Fecundity was defined as the total number of glochidia brooded by a female during a single brooding event, with the assumption that mussels produced one clutch per year. Estimations of fecundity were made using the collected glochidia or conglutinate content from three females per species per stream population. If at the completion of the trial, mussels had not released their entire gill contents, these were then flushed using dechlorinated tap water to remove remaining glochidia material. Echyridella menziesii glochidia were diluted to a 100-ml homogenised dechlorinated tap water solution. The number of glochidia was then counted in five aliquots of 1-ml under the Olympus SZ-6045 dissecting microscope. Fecundity was estimated by multiplying the mean number of glochidia in the five sub-samples by dilution volume. Echyridella aucklandica fecundity estimations were made by counting glochidia attached to a sub-sample of five conglutinates and multiplying the mean number of glochidia by total released conglutinates (excluding conglutinate fragments).

Glochidia valve morphometry

A sub-sample of preserved glochidia was photographed and measured using the Leica DM RD equipped with the Olympus DP70 Digital Camera system and Olympus image analysis software. Length (widest part of the shell between anterior and posterior edges, parallel to the hinge), height (widest part of the shell perpendicular to the hinge) and hinge length were measured to the nearest 1 μm (see Fig. 2) to compare morphometric differences among individuals, populations and species. For E. menziesii, 10 glochidia from 3 adult mussels per stream population were measured for a total sample of 60 glochidia. For E. aucklandica, 3 glochidia from 3 conglutinates of 3 mussels were measured for a total of 27 glochidia per stream population (total n = 54). Height, length, size (average of height and length, Barnhart et al., 2008) and height/length ratio (shape) were compared among populations and species using t-tests for independent groups (STATISTICA version 13; Stat Soft Inc. Oklahoma, U.S.A.).

Fig. 2
figure 2

Morphometric measurements of mature A Echyridella menziesii and B Echyridella aucklandica glochidium valves: A–B, length; C–D, hinge length; E–F, height (modified from Klunzinger et al., 2013). Anatomical orientation descriptions are labelled according to Hoggarth (1987)

Results

Echyridella menziesii marsupia were found to be positioned in the inner one-third of the inner demibranchs. The marsupia increased in volume with developmental stage and changed in pigmentation from transparent yellow with immature glochidia (Stage 3) to dark orange, containing mature glochidia before glochidial parturition (Stage 4, Table 1, Fig. 1). Echyridella aucklandica had marsupia located at the posterior end of the inner demibranchs. These occupied a greater surface area (two-thirds) of the gills than those of E. menziesii, and the pigmentation of the demibranchs in E. aucklandica ranged from orange and purple (Stage 3) to fully purple (Stage 4) for gravid females (Table 1, Fig. 1).
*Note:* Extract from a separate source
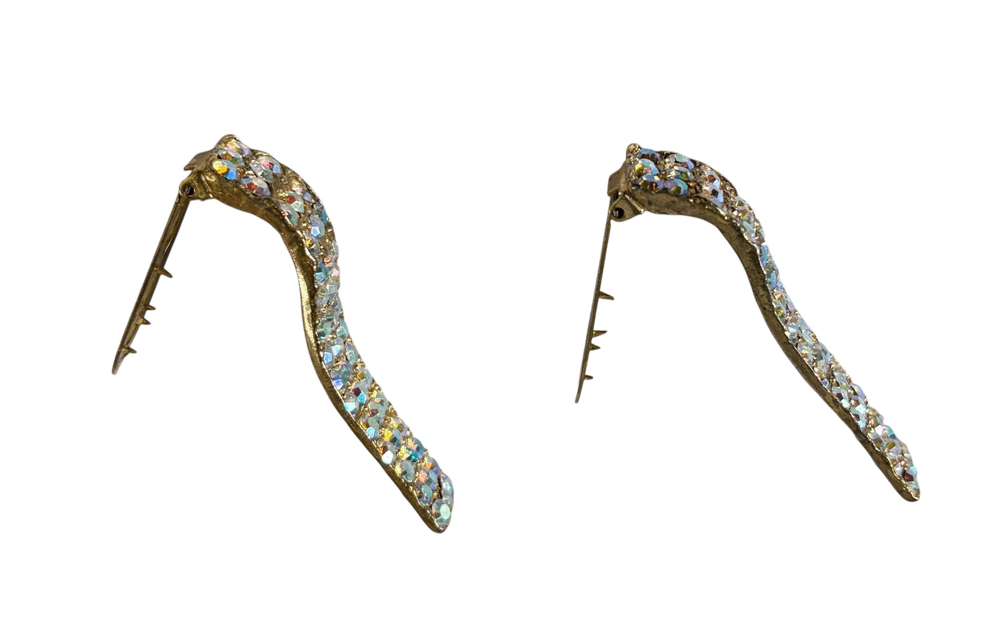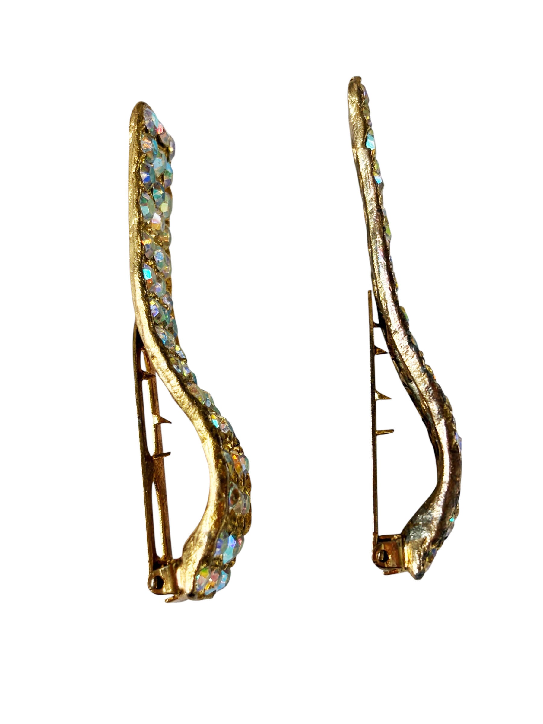 Vintage 1950s-1960s shoe clips featuring aurora borealis rhinestones set in polished gold-tone metal. The iridescent stones shimmer with shifting colors, perfect for adding glamour to pumps, flats, or handbags. Secure metal clips keep them firmly in place. Excellent condition with bright, fully functional stones and tight clips. Ideal for weddings and special occasions.

Glochidia release strategies

Within laboratory aquaria, all female E. menziesii from Mangapiko and Ohautira Stream populations exhibited dual host infection methods by releasing translucent glochidia both individually and bound to mucus threads (up to 4–5 cm in length) attached temporarily to the exhalant aperture of the adult (Fig. 3). Rhythmic contractions of the adult female’s exhalant aperture were observed to cause the mucus threads to drift and suspend glochidia in the water column, as shown in the video (Online Resource 1). Glochidia strands often became entwined with one another, leading to mucus masses containing glochidia that were observed lying on the sediment next to adult female E. menziesii.

Fig. 3
figure 3

Adult Echyridella menziesii releasing glochidia bound to mucus strands attached to the exhalant siphon (white arrow) (A), and photo-microscopy of mature and viable hooked E. menziesii glochidia (B)

All E. aucklandica from both the Mangapiko Stream and Ohautira Stream populations released glochidia attached to conglutinates (Fig. 4; see video, Online Resource 2). Individual conglutinates were expelled through the exhalant aperture, and mussels were sometimes observed to discharge conglutinates that were attached temporarily to an adhesive mucus strand protruding from between the extended tissues of the mantle margin (as shown in the video: Online Resource 3). Detached conglutinates (intact and fragmented) were then observed floating with wavelike motions in water currents created by aeration or tumbling on the bottom of the tank.

Fig. 4
figure 4

Two conglutinates released by adult Echyridella aucklandica (A). Photomicrograph of E. aucklandica conglutinate (L: 6 mm) containing mature and viable glochidia (B). Compound photomicrograph of E. aucklandica glochidia attached to the outer layer of the conglutinate (C). Puerile conglutinate containing unviable (closed) glochidia (D)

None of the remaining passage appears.